Et Evan s’assit en tailleur alors que sept paires d’yeux attentifs le fixaient intensément.
- Il y a de cela plusieurs milliers de lunes, des hommes qui nous ressemblaient vivaient presque nus. Je dis bien NUS ! De jour comme de nuit, en plein air ou dans leurs habitations, ils ne portaient que quelques centimètres carrés de tissu qui ne dissimulaient que leur sexe. D’ailleurs personne ne sait encore pourquoi cet endroit là plutôt qu’un autre restait invisible... Il était courant que la température atteigne et même dépasse les 30° et les hommes devaient faire preuve d’une grande ingéniosité pour produire du froid ! Rendez-vous compte ! Ils utilisaient l’énergie fournie par le soleil pour obtenir des frigories par évaporation ! Leur souci constant était de conserver les aliments au frais, de boire le plus possible pour compenser leur continuelle transpiration ! Et ils n’étaient pas heureux !...
L’un des plus jeunes demanda :
- Evan, pourquoi ils n’étaient pas heureux ?!
L’une des femmes, la plus âgée, interrompit la discussion. Elle s’adressa directement à Evan :
- Ils ont arrêté un étranger ce matin.
- Ah ! Pour quelles raisons ? demanda Evan
- Il racontait des choses à qui voulait bien l’écouter
- Quels genres de choses ?
- Tu sais bien…sur le soleil, la chaleur, enfin toutes ces fadaises que nous entendons régulièrement et qui nous causent tant de problèmes.
- Si cela à si peu d’importance à tes yeux pourquoi est-ce que tu m’en parles ?
- Ils attendaient ton retour. Il voudrait que tu assures sa défense.
- Mais à quoi bon ? N’importe comment le jugement est déjà fait, ils n’ont qu’à le tuer tout de suite.
- Tu fais ce que tu veux, tu sais ce que je pense de ces gens. N’empêche qu’il à droit à être défendu, comme les autres…
- … Et comme les autres il sera exécuté.
- Tu fais comme tu veux, tu as ta conscience.
- Oui, c’est vrai. J’ai MA conscience. J’irai les voir demain.
L’échange à peine terminé la femme retourna se coucher, laissant Evan à son histoire. Il regarda le petit dans les yeux, lui sourit et lui dit :
- Je pense qu’il est temps que tu dormes maintenant, je poursuivrai demain. Il est l’heure de dormir pour tout le monde. Que la chaleur veille sur votre nuit à tous.
L’enfant regagna sa peau et s’enroula dedans sans un mot.
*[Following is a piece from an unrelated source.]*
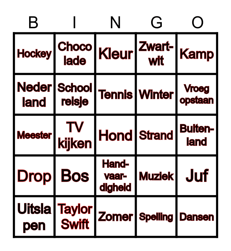 This bingo card has 25 words: Drop, Taylor Swift, Hond, Spelling, Kamp, Hockey, Choco lade, Kleur, Strand, Juf, Neder land, School reisje, Zomer, Muziek, Vroeg opstaan, Uitsla pen, TV kijken, Tennis, Winter, Buiten- land, Meester, Bos, Hand- vaar- digheid, Zwart- wit and Dansen.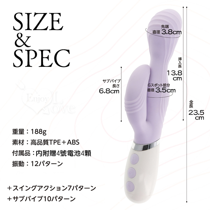 ►您現在的位置:首頁>日本NPG.やわらかバイブ 肌感触 12頻頭震+7搖擺+10副震多功能柔和按摩棒-紫

Les autres firent de même.
Evan quant à lui fixa ses mains d’un blanc presque transparent et soupira comme si l’air tout à coup pesait d’un poids énorme sur ses épaules. Au bout de quelques minutes il finit pas se coucher à son tour. Demain serait un autre jour, mais sûrement pas le meilleur, si tant est qu’il pût y en avoir de meilleurs.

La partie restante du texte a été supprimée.